Async Processing: The Biggest Upgrade for Kafka Streams Since 0.11
Kafka Streams is the best framework for building mission-critical applications on Kafka event streams. A major reason is because it’s an embedded technology. So applications built with Kafka Streams integrate seamlessly with your development and operational processes.
Since Kafka Streams is embedded, developers often try to call other services and databases as part of handling events with Kafka Streams. For example, it’s natural to try to enrich your streams with data from a table in DynamoDB, or fire off an API call to another system to trigger some action based on the result of an aggregation.
Historically, you have have two choices to do this, both of which are suboptimal:
- If you only need to read information from the remote system, you can ingest it into a Kafka topic and then use the Kafka Streams join APIs to combine it with the data you're processing. This leads to complicated data pipelines and a wasteful duplication of data.
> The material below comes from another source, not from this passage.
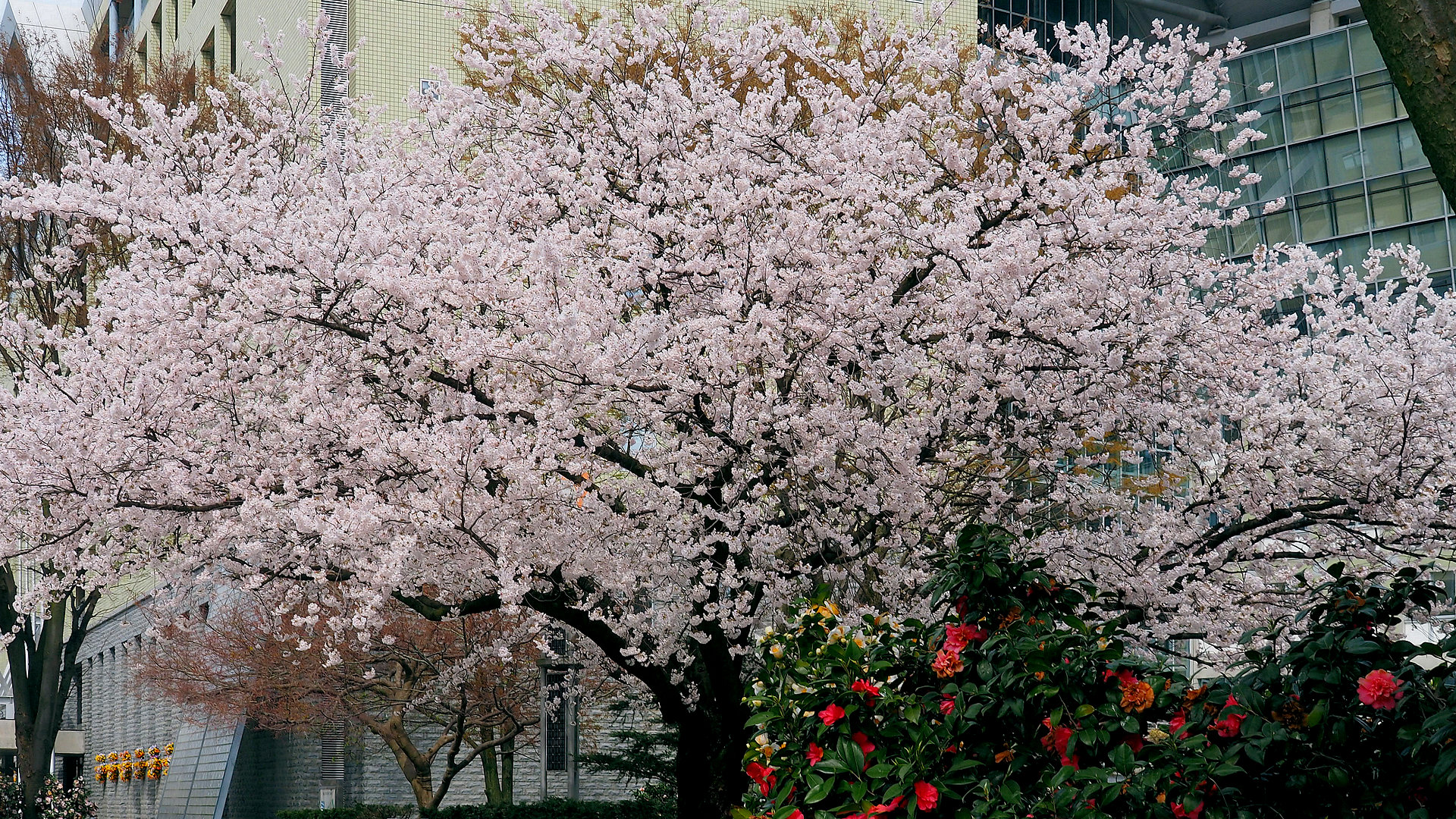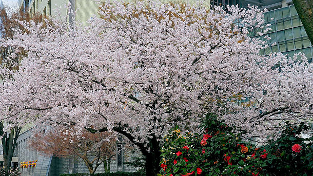 松川べり富山市役所のソメイヨシノとツバキ 2023/03/27 撮影

- Alternatively, you can make remote calls from your application's processors. However, remote calls can be slow, which severely limits your application's throughput.
That changes today. We are very excited to introduce the Responsive Async Processor, which extends Kafka Streams to make the latter approach practical - you can now introduce higher latency operations such as calls to remote systems in your Kafka Streams applications without sacrificing throughput.
And since the Async Processor is a regular Kafka Streams Processor, you can mix and match it with other Processors. So you can enrich an event from DynamoDB, join the enriched event with data in another Kafka topic, aggregate the joined event, and then fire off an alert if the aggregate value is above a specific threshold. All within a single Kafka Streams application which runs in your environment, and at scale!
Version 0.11 of Apache Kafka introduced exactly-once processing, which significantly expanded the types of applications you could build with Kafka Streams. We think the Async Processor is an equally big step forward because it enables you to interface with external systems via RPCs and Kafka events at scale, opening up a whole new set of use cases.
Read on to learn more about the traditional challenges when interfacing with remote systems from Kafka Streams, how the Async Processor addresses those challenges, how to use the Async Processor, how it works, and some of the results it has delivered in production already.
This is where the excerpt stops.